YOUR GOAL: All entries below are to be reproduced precisely as they stand, without the pictures.

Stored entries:

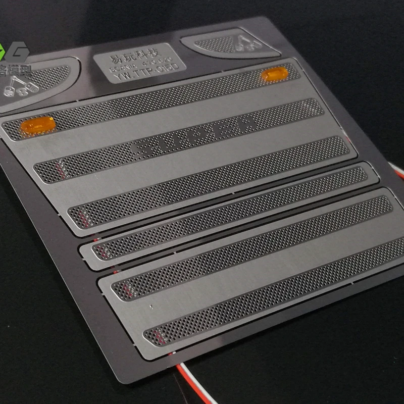 Изделие изготовлено из металлической нержавеющей стали. Толщина составляет 0,2 мм. Прочная двухсторонняя клеевая установка. На изделии есть 2 желтых индикатора. Подходит для модификации трактора Tamiya 1:14 SCANIA.
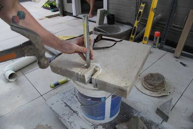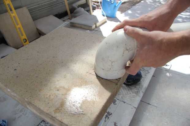 Empecé con la pavimentadora que cabría alrededor de la bajante del canal. Esto requirió un 90mm redondo muesca. Medido donde el centro de la tubería sería de la tierra y entonces utiliza una pieza de 90mm de acoplamiento para marcar el corte.
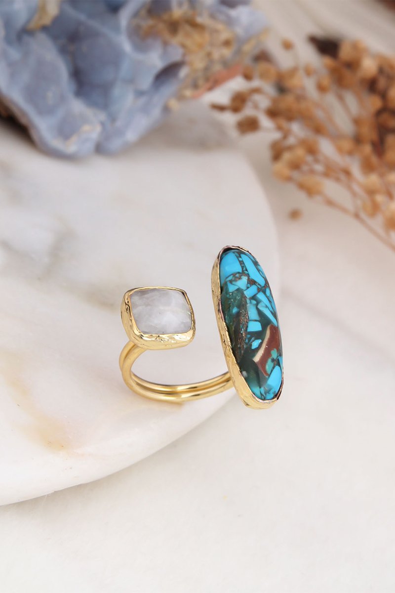 Bague réglable en plaqué or jaune sertie d’une turquoise et d'une pierre de lune.
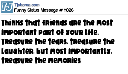 X is thinks that friends are the most important part of your life. Treasure the tears, treasure the laughter, but most importantly, treasure the memories
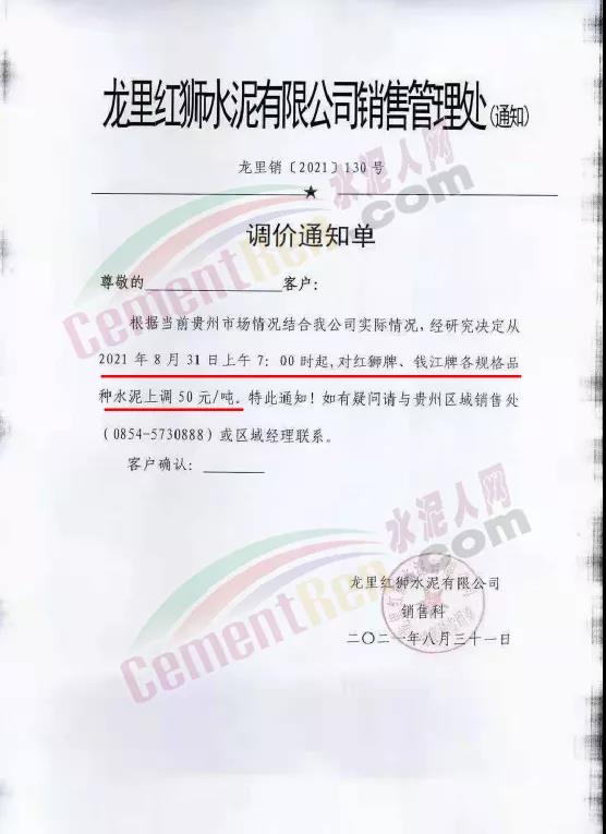 龍里紅獅水有限公司通知,根據當前貴州市場情況結合公司實際情況,經研究決定從2021年8月31日上午7時起,對紅獅牌、錢江牌各規格品種水泥上調50元/噸。
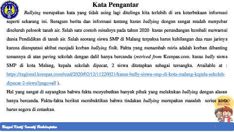 diseluruh pelosok tanah air. Salah satu contoh misalnya pada tahun 2020 kasus perundungan kembali mewarnai
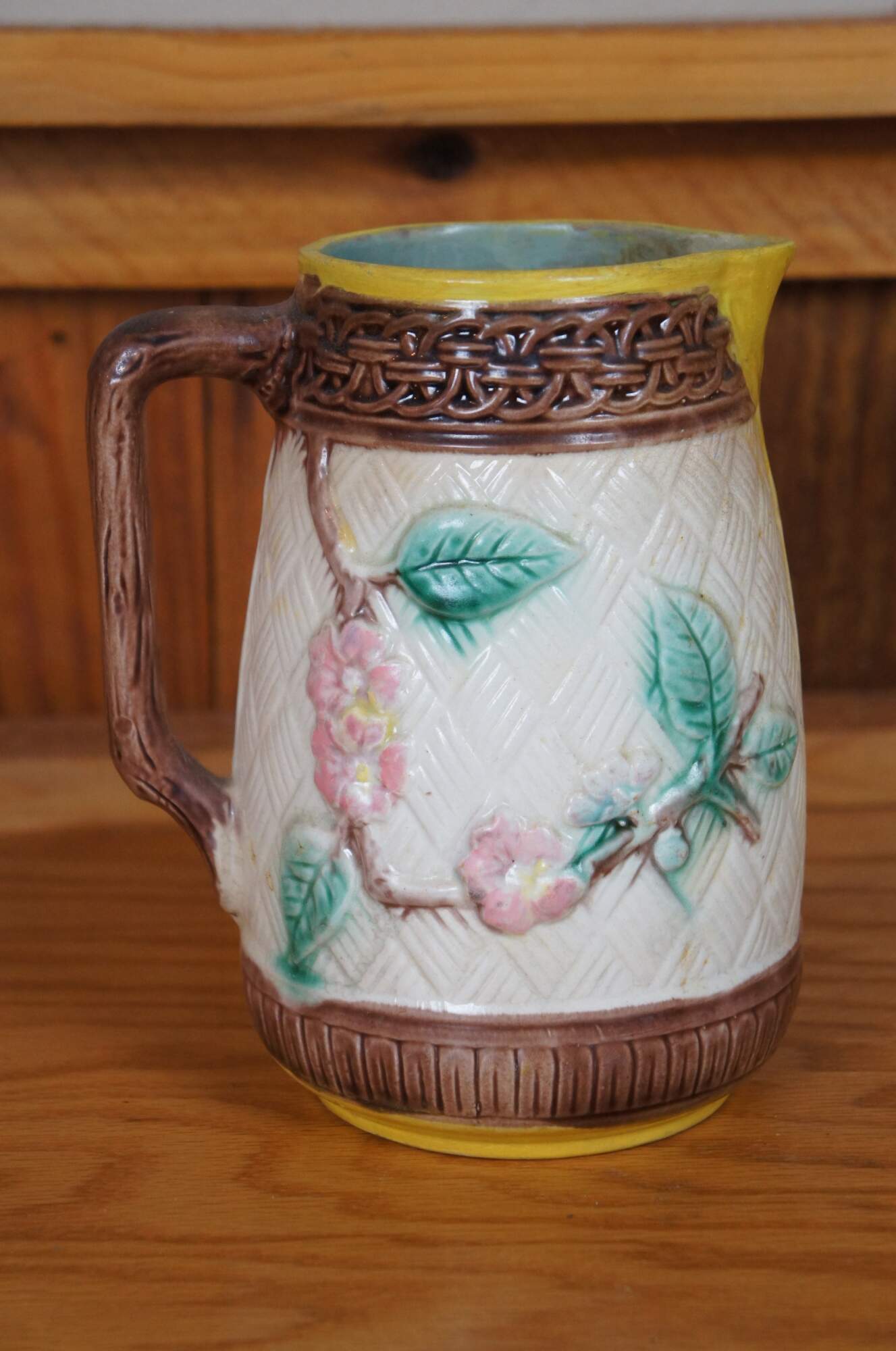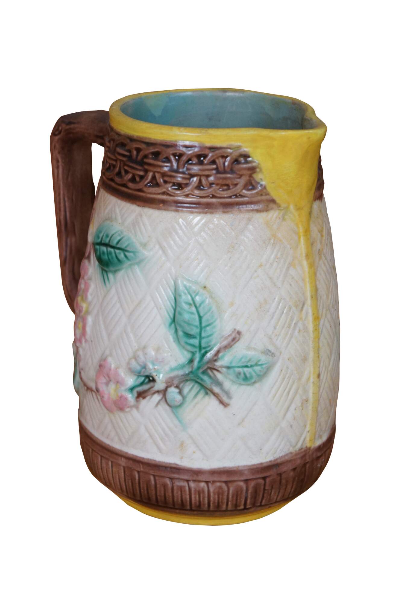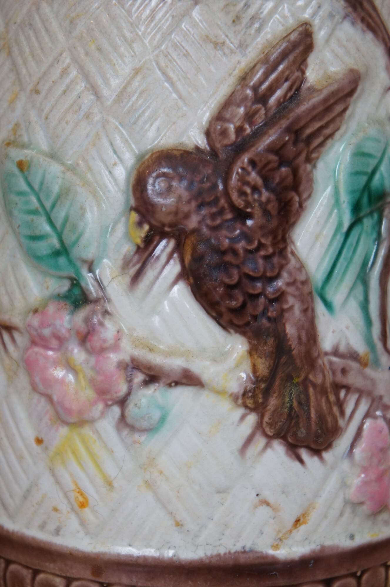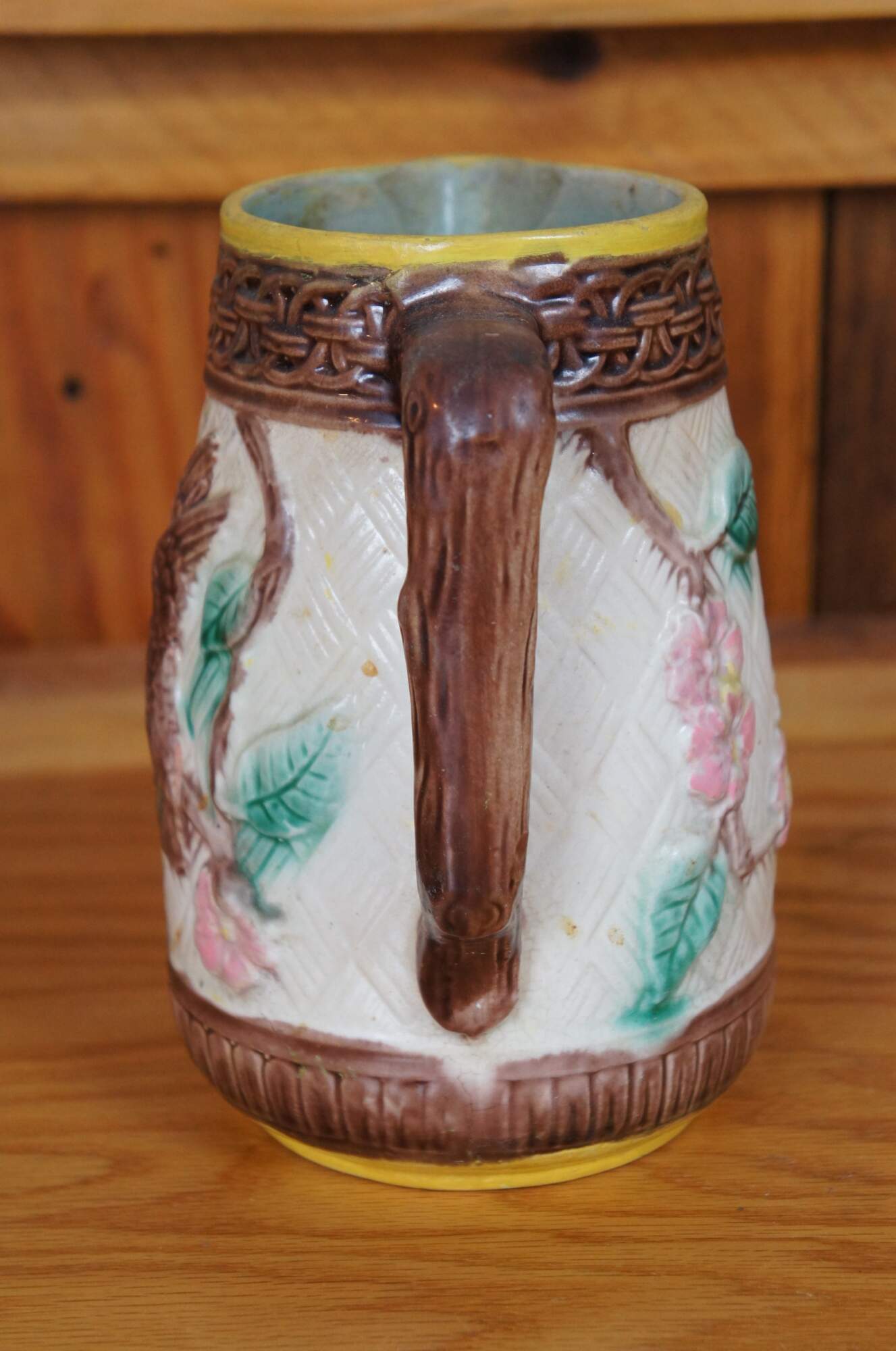 Antique Majolica bas relief parrot / bird / owl / hummingbird and dogwood flower creamer / syrup / honey pitcher or jug featuring a basketweave ground accented with interlocking circles and twig / branch handle.

ANSWER AREA:
 Изделие изготовлено из металлической нержавеющей стали. Толщина составляет 0,2 мм. Прочная двухсторонняя клеевая установка. На изделии есть 2 желтых индикатора. Подходит для модификации трактора Tamiya 1:14 SCANIA.
 Empecé con la pavimentadora que cabría alrededor de la bajante del canal. Esto requirió un 90mm redondo muesca. Medido donde el centro de la tubería sería de la tierra y entonces utiliza una pieza de 90mm de acoplamiento para marcar el corte.
 Bague réglable en plaqué or jaune sertie d’une turquoise et d'une pierre de lune.
 X is thinks that friends are the most important part of your life. Treasure the tears, treasure the laughter, but most importantly, treasure the memories
 龍里紅獅水有限公司通知,根據當前貴州市場情況結合公司實際情況,經研究決定從2021年8月31日上午7時起,對紅獅牌、錢江牌各規格品種水泥上調50元/噸。
 diseluruh pelosok tanah air. Salah satu contoh misalnya pada tahun 2020 kasus perundungan kembali mewarnai
 Antique Majolica bas relief parrot / bird / owl / hummingbird and dogwood flower creamer / syrup / honey pitcher or jug featuring a basketweave ground accented with interlocking circles and twig / branch handle.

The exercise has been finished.